A decade-long program to resettle refugees near the Victorian-South Australian border has added more than $105m to the local economy, reinforcing Nhill’s reputation as the national template for bolstering regional communities.
New analysis of the roaring success of the relocation of about 230 Karen refugees from Myanmar to Victoria’s northwest has underpinned the drive by federal Population Minister Alan Tudge to encourage regional settlement for refugees to temper high unemployment rates.
The analysis by migrant and refugee settlement agency AMES and economist Ian Pringle has reinforced the extent to which, from little things a decade ago, the Karen people and the Nhill community have created big things.
The study shows that 156 jobs were created — a 10 per cent increase in total employment in the area — and 27 families have bought homes in Nhill, where the average price is just $155,000.
Kaw Doh Htoo, 46, is the unofficial mayor of the Karen community in Nhill and, after moving to the town to work at a duck processing factory, has bought a house, a shop, created a grocery business and increased his family to six. Asked what he loves so much about life in rural Australia, he said: “Security.’’
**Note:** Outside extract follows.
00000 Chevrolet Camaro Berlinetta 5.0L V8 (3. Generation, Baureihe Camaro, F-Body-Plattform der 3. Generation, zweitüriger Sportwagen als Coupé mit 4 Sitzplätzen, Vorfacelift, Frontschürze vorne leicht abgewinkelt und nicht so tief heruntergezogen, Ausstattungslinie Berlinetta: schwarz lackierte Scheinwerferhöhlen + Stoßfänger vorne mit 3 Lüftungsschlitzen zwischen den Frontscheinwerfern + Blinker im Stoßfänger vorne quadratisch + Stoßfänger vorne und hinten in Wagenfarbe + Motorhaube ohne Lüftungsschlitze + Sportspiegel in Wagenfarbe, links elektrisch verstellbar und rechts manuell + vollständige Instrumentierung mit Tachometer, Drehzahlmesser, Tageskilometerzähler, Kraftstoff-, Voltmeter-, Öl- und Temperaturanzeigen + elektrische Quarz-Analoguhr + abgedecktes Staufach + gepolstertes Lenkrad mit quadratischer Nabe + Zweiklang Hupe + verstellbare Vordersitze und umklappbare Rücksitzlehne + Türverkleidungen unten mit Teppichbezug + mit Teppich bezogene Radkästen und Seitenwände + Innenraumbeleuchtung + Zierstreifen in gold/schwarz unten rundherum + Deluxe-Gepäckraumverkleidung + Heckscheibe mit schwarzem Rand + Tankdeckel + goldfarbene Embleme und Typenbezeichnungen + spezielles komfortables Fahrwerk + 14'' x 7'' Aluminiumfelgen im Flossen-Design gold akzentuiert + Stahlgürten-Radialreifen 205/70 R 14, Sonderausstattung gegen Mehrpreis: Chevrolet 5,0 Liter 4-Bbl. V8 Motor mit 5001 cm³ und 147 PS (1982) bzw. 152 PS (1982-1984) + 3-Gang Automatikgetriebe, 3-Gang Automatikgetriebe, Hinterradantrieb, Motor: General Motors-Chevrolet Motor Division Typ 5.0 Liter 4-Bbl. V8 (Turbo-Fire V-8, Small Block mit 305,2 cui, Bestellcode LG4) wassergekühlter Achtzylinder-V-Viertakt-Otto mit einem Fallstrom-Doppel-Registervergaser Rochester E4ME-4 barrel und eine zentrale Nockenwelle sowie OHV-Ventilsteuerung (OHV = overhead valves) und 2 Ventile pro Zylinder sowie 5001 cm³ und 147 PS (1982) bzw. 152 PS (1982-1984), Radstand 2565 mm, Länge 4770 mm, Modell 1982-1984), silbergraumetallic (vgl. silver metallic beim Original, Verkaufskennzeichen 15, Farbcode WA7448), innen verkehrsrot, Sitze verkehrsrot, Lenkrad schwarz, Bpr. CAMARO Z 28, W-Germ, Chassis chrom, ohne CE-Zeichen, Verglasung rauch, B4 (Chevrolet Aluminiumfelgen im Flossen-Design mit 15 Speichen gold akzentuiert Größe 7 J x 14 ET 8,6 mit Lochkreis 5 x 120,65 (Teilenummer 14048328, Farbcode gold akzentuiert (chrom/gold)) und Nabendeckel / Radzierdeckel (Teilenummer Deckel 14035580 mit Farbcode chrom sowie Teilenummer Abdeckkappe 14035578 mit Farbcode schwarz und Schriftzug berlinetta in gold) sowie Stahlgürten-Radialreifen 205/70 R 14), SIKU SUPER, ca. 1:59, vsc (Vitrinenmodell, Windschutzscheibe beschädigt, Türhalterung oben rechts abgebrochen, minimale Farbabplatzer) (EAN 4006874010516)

Mr Tudge said the good-news story of Nhill could be replicated elsewhere, with a better distribution of refugees needed in Australia to help combat unemployment rates of 22 per cent.
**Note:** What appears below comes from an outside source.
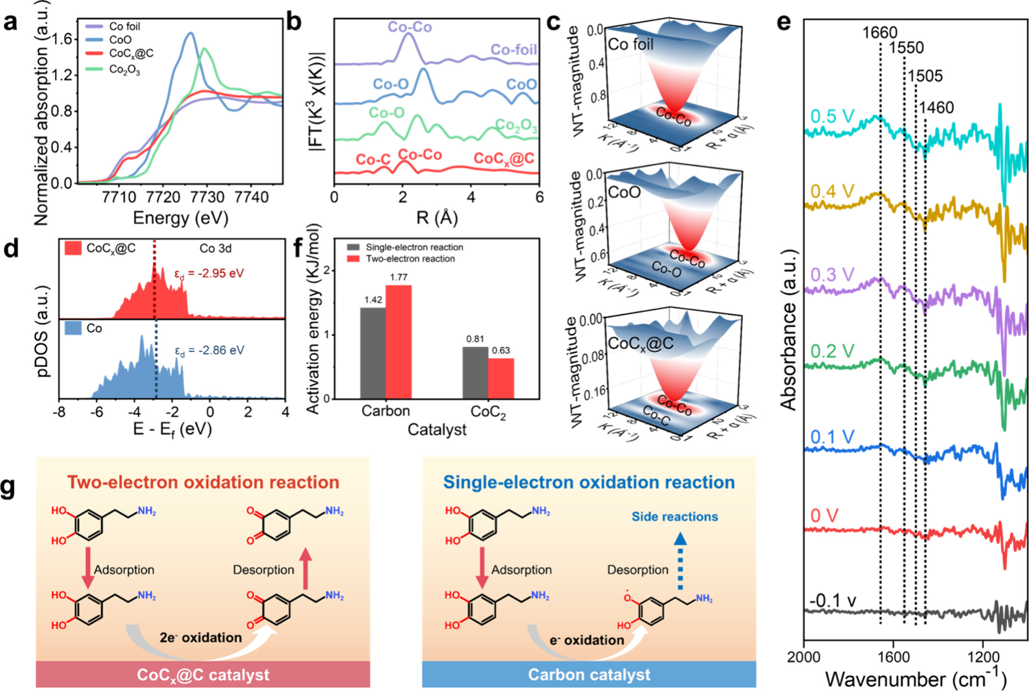 图3通过X射线吸收精细结构(XAFS)与表面增强红外光谱(SEIRAS)揭示了CoC₂@C的催化机理。XANES与FT-EXAFS谱(图3a-b)表明钴处于高价位态,并存在Co-C配位。d带中心下移至-2.95 eV(图3d),削弱了与非目标分子的吸附,提升了选择性。SEIRAS实时监测(图3e)显示DA在氧化过程中特征峰逐渐消失,同时出现醌式结构(C=O,C=C)的特征峰,证实了DA直接转化为多巴胺醌(DAQ)的两电子路径。理论计算进一步表明(图3f-g),碳配位钴催化路径的活化能低于单电子途径,避免了自由基副产物的生成。

“We would like to get a better distribution of refugee settlement. The longer a person is on welfare, the steeper the road back to employment is,’’ he said.
AMES chief executive Cath Scarth said lessons from Nhill could help chart the way ahead for future settlements.
“We hope that this research report … will inform in some way policy and practice in the settlement of refugees and, for that matter, migrants,’’ she said.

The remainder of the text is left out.